= Graperide =

The Graperide is a cycle race held annually around Blenheim, New Zealand. First run in 2005, past winners of the race include Robin Reid and Anthony Chapman. The number of participants attempting to enter the Grape Ride has increased each year - due to the logistics of controlling such a large number of riders, the number of riders in the event was capped in 2007 and 2008.

==History==
The Graperide was first run in 2005, attracting 699 entries (both individuals and teams were counted as a single entry). The majority of entrants rode a 101 km course, though riders who had survived cancer were entitled to ride a special 15 km loop instead. Individual entries were split up into age categories.

In 2006, various categories were added to the race. Firstly, the 101 km ride was split into two sections - an 'Elite' category, for those wishing to race for the winner's prizes on offer, and an 'Individual' category, for those wanting to ride the 101 km course but not wanting to race against the top competitive cyclists. A section was added for tandems, who rode the full 101 km course, and for penny-farthings, who rode the shortened 15 km course. The category for cancer sufferers remained, and a total of 1540 entries were received.

2007 saw additional changes. The 'Elite' categories were rebranded as the 'Speed Bunnies' categories, and the distance for the male 'Speed Bunnies' was increased to 160 km. Also, a new category was introduced known as the 'Magnum'. This involved riding the 101 km course twice, for a total of 202 km. There were a total of 2,267 entries in 2007, with the total number of persons riding capped at 2500.

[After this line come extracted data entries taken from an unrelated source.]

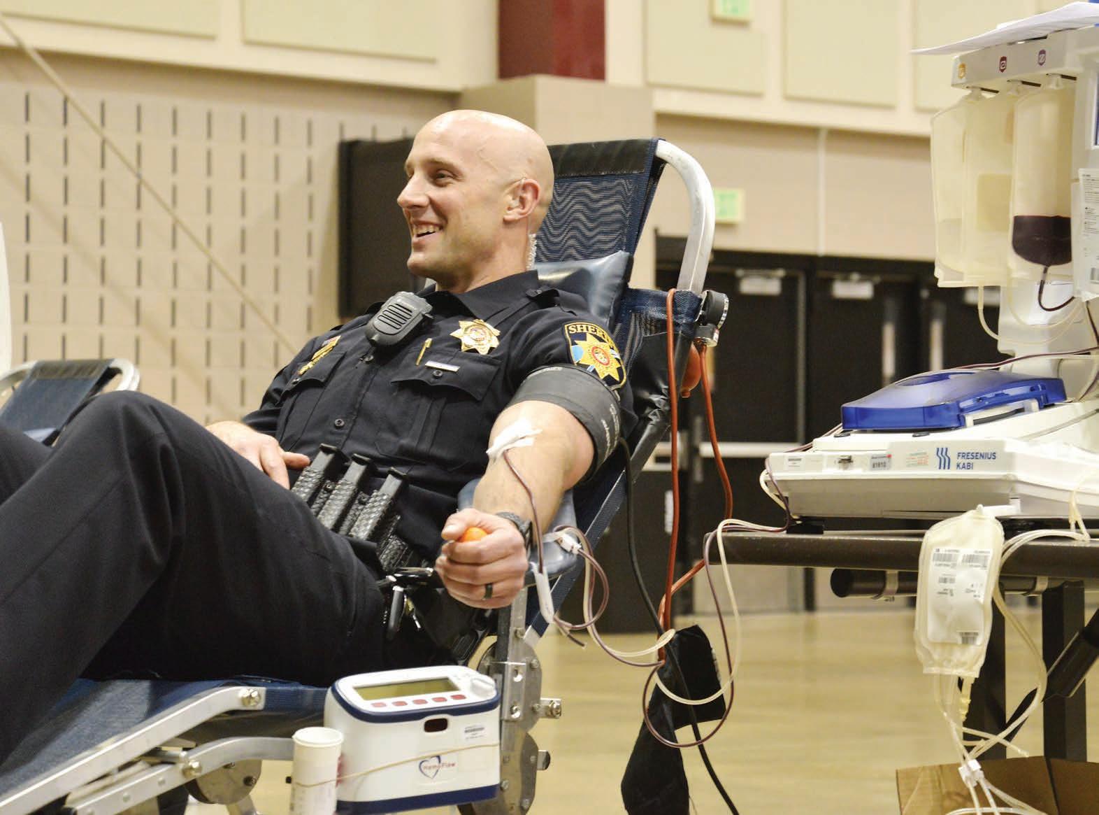 For Sgt. Mark Mithuen, who has been with the sheri ’s o ce since 2011 and oversees the school resource o cers, giving blood is another way to help save a life.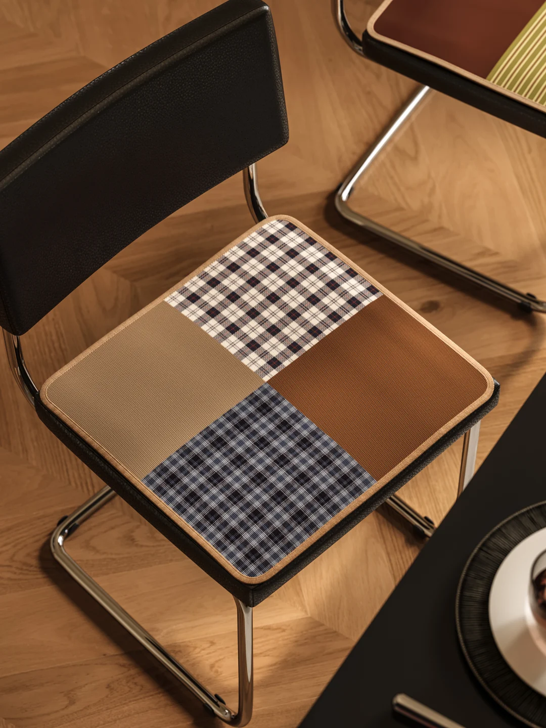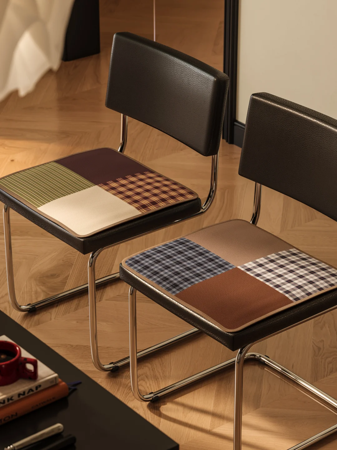 低饱和棕咖 + 格纹拼接
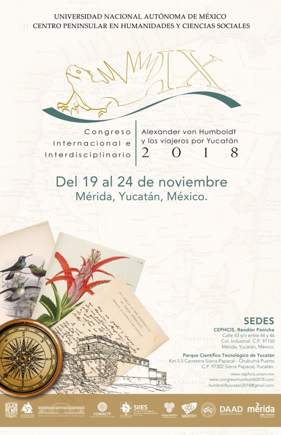 Dos integrantes del laboratorio participarán en el IX CONGRESO INTERNACIONAL E INTERDISCIPLINARIO. ALEXANDER VON HUMBOLDT Y LOS VIAJEROS POR YUCATÁN. Mérida, Yucatán, México, 19 y 24 de Noviembre de 2018.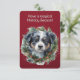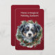 La façon la plus agréable d'envoyer des voeux de Noël à vos amis et votre famille. Un petit visage de chiot au milieu d'une couronne de Noël avec un message sur le dos.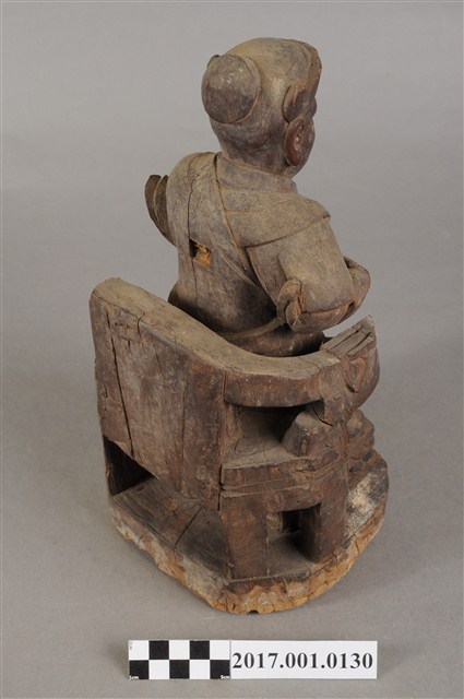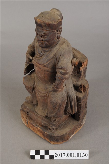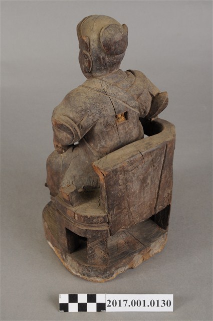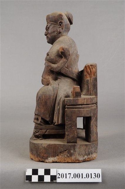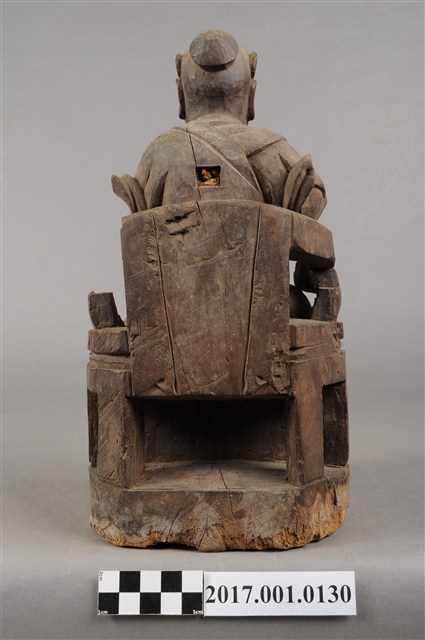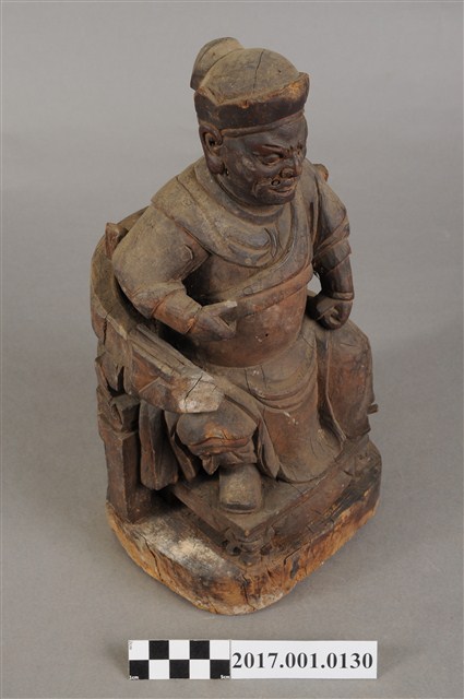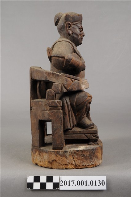 1.本件木雕王爺像採坐姿,端坐於圈背椅上,粧佛已除去,背部開有方形小入神洞,封榫佚失。王爺作中年男子相貌,嘴部有植鬚孔,皺眉,濃眉大眼,雙眼瞠視,鼻頭與顴骨凸起,抿嘴。王爺頭戴兜鏊,身穿甲袍,右手持看帶,左手握拳置於左膝,左腳微向左伸出,右腳內縮,作文武腳姿態,腳穿皂靴踩踏几。圈背椅前置踏几,踏几雕刻螭虎吞腳,圈背椅的扶手斷裂。臺座作矮方臺。

2008 brought some more changes for the Grape Ride. A special category was set up for survivors of cancer that wanted to ride the full 101 km course, and a new category was set up for riders who wished to ride the 15 km course on a unicycle. A 'Shop Team' category was set up, whereby teams of three representing a business were timed based on the time of their slowest rider. A section was set up for people riding 'old clangers' - bikes that were made at least 50 years ago.

Organisers have announced that 2009 will bring additional categories - an "Ultimate" category, covering 10 laps for a total distance of 1010 km, and a section for college / high school students is under consideration.

==Course==
The Graperide is based around the Forrest Estate winery. After lining up inside the winery's driveway, participants are released in groups of approximately 100 riders, based on the individual's estimated finishing time. After leaving the winery, riders head south briefly before curving left. Riders pass through Renwick and eventually come into the outskirts of Blenheim, before turning left onto Grove Road. Riders then head north, passing such towns as Grovetown and Spring Creek before reaching Picton. Riders take a left in Picton, travelling into Queen Charlotte Drive. After travelling through the undulating drive, riders pass through The Grove, eventually climbing the 3.4 km long Mahakipawa Hill before descending into Havelock. From there, riders head south until they reach the Forrest Estate winery again. Magnum riders do two laps of the course, while male 'Speed Bunnies' start at Picton, and do one part lap and one full lap.

The smaller 15 km course for cancer riders and unicyclists follows a loop around Renwick.